Por Fabián Páez López @davidchaka
En otros tiempos, ante la proposición de escuchar “los más virales”, la reacción natural de cualquiera habría sido, como mínimo, pedir un tapabocas. Como es bien sabido, en el reino digital, la viralidad cobró otro sentido. Hoy es el mérito mayor de productores de todo tipo de contenido. Desde youtubers a escritores, opinadores, marcas y cuentachistes hasta músicos, anhelan que sus obras alcancen ese infeccioso atributo. El consumo en Internet lo rige la dictadura de lo viral. Los clics, los números de reproducciones, los comentarios y ese despreciable anglicismo que no hemos querido traducir, el ‘engagement’, son la moneda de cambio que determina lo que vemos y escuchamos.
En el campo de la música, sobredimensionar esas cifras ha tenido consecuencias poco gratas.
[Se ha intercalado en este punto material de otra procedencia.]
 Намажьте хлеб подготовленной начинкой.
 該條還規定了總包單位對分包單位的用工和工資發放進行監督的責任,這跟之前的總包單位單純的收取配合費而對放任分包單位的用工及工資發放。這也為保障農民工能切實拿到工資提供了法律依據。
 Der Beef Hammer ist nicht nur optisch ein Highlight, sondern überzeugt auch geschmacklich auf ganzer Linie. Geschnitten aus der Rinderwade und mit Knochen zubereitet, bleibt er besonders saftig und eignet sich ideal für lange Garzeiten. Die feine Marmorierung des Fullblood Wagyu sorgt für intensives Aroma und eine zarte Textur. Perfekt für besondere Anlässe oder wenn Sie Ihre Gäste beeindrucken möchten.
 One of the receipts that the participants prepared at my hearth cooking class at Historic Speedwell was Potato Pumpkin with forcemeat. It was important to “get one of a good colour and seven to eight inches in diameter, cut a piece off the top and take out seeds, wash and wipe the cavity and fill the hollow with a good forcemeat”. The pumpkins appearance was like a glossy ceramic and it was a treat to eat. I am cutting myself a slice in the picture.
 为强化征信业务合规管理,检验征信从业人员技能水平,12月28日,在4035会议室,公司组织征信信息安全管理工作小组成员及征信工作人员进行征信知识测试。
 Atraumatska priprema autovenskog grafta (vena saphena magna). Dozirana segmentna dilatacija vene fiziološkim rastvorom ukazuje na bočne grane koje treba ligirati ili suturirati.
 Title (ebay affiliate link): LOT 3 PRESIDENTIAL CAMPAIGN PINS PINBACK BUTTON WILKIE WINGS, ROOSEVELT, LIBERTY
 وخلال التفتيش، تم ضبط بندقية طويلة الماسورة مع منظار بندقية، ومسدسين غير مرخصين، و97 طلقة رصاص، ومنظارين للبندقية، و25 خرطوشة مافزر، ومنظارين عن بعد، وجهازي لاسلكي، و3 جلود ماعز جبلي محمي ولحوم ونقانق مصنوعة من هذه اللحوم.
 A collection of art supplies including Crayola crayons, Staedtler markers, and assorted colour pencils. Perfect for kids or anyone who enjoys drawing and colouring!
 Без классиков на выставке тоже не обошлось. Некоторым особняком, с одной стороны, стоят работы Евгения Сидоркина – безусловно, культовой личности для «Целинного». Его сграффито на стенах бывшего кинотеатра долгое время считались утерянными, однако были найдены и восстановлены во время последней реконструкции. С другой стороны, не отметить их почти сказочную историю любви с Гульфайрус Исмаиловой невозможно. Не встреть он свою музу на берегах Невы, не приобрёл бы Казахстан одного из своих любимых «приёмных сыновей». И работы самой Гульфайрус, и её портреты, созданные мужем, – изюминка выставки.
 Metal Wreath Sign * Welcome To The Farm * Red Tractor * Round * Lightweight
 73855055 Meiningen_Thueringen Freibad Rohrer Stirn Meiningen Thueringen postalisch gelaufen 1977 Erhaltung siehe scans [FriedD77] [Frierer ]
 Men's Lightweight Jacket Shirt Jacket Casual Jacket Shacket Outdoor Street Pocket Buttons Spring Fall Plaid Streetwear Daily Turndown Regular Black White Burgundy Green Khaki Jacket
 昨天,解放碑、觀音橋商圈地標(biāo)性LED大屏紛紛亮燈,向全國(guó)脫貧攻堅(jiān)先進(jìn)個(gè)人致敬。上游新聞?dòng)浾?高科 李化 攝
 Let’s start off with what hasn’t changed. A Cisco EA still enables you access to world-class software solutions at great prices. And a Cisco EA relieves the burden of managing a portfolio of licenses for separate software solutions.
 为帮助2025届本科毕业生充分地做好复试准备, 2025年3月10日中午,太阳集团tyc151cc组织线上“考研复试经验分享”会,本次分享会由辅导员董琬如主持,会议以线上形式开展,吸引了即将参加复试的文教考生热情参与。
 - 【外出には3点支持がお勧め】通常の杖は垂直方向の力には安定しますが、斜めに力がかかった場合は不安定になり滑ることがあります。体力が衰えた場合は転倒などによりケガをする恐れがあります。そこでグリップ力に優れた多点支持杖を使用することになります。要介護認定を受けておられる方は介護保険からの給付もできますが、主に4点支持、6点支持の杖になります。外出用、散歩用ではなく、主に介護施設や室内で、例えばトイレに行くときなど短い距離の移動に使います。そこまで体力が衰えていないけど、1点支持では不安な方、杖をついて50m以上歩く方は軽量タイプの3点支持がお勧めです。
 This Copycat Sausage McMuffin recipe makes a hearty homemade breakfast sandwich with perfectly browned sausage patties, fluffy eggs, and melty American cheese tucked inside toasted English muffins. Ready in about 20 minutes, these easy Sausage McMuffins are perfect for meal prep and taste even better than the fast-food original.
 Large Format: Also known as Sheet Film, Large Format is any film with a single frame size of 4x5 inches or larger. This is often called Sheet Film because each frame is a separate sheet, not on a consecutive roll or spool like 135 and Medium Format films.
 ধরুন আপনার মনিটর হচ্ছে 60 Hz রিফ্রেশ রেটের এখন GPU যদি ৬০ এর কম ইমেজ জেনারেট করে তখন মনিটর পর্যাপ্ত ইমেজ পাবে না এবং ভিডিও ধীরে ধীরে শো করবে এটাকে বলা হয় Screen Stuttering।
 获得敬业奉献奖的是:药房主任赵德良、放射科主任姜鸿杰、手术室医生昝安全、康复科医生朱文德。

Una de ellas, es que quienes se promocionan como artistas han hecho de los números el bling-bling del reconocimiento. Una de cada dos notas de prensa o comunicados sobre un músico (por no decir que todas), presentan el proyecto exhibiendo cifras de seguidores en Facebook o números de reproducciones en YouTube. Algo así como el “millón de copias obligao” del que tanto hablan Wisin y Yandel. Una carta de presentación que, además de ser poco ilustrativa, y a diferencia de las ventas físicas que sí podrían demostrar popularidad, es poco confiable. Sobre todo, si recordamos que hace un año, cuando Twitter hizo una purga y eliminó los perfiles falsos, dos de las cuentas que perdieron más seguidores fueron las de Lady Gaga y Taylor Swift. Ambas, estrellas pop supervendedoras y cuyos conciertos son impagables para el salario promedio colombiano.
Hace un año también, el periódico The New York Times publicó una investigación que revelaba la mafia detrás de la compra y venta seguidores falsos, conocidos como bots. O, mejor dicho, de popularidad falsa. Dicha investigación, señalaba entre los clientes de Devumi, compañía acusada de vender bots a celebridades emergentes, a otro nombre que hoy por hoy es bien conocido en las pistas de baile: Dj Snake.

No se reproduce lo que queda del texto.